# [Exercise material]
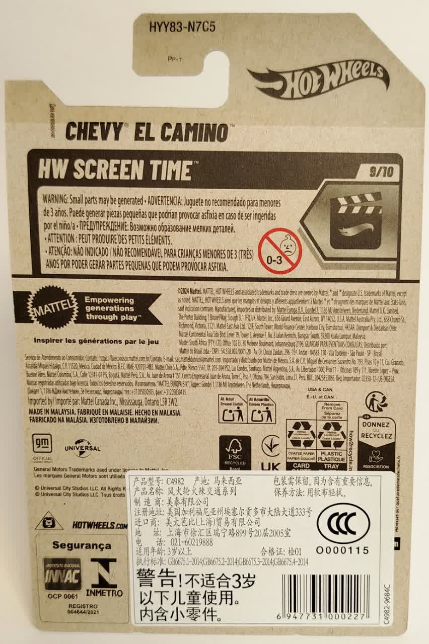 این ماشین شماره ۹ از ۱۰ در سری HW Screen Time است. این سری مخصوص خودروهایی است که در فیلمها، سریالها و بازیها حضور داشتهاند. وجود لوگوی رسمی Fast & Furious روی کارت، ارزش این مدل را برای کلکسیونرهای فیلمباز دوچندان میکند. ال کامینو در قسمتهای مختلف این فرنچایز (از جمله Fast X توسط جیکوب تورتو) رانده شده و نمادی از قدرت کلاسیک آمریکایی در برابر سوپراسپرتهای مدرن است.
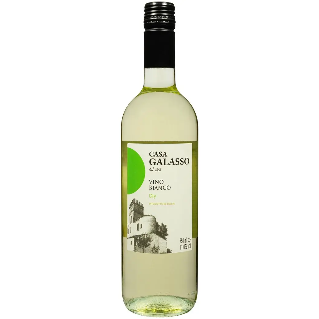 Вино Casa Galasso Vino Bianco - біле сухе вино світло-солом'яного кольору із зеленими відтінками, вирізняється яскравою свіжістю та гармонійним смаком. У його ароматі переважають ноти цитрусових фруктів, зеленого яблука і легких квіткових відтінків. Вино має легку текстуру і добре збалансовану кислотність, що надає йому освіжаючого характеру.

* * *

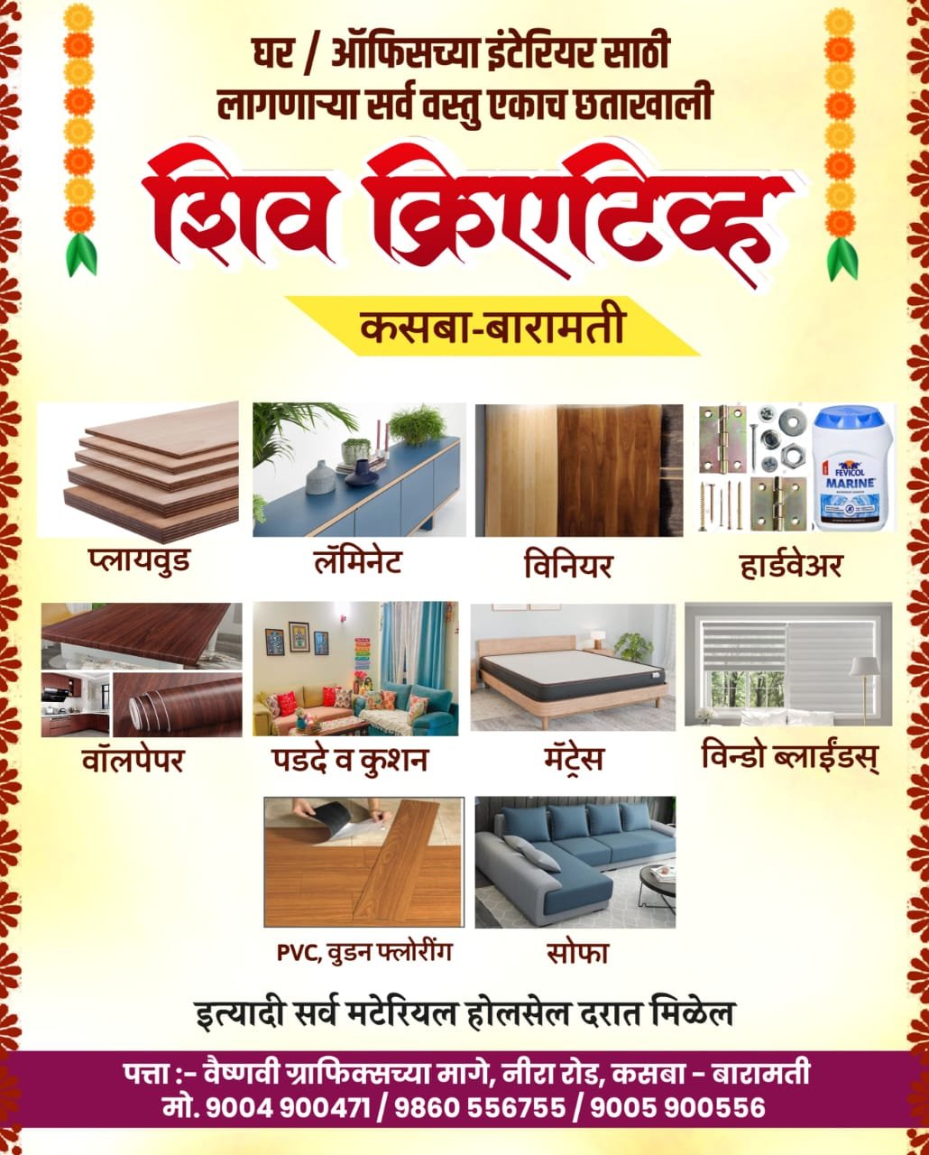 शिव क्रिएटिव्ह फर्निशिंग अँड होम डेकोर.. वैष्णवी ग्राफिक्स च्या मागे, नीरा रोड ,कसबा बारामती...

# [Your assignment]
Out of the records above, set down only the lines from the one that contains "این ماشین شماره" through the one that contains "Вино Casa Galasso", unchanged and without the pictures.

# [Written answer]
 این ماشین شماره ۹ از ۱۰ در سری HW Screen Time است. این سری مخصوص خودروهایی است که در فیلمها، سریالها و بازیها حضور داشتهاند. وجود لوگوی رسمی Fast & Furious روی کارت، ارزش این مدل را برای کلکسیونرهای فیلمباز دوچندان میکند. ال کامینو در قسمتهای مختلف این فرنچایز (از جمله Fast X توسط جیکوب تورتو) رانده شده و نمادی از قدرت کلاسیک آمریکایی در برابر سوپراسپرتهای مدرن است.
 Вино Casa Galasso Vino Bianco - біле сухе вино світло-солом'яного кольору із зеленими відтінками, вирізняється яскравою свіжістю та гармонійним смаком. У його ароматі переважають ноти цитрусових фруктів, зеленого яблука і легких квіткових відтінків. Вино має легку текстуру і добре збалансовану кислотність, що надає йому освіжаючого характеру.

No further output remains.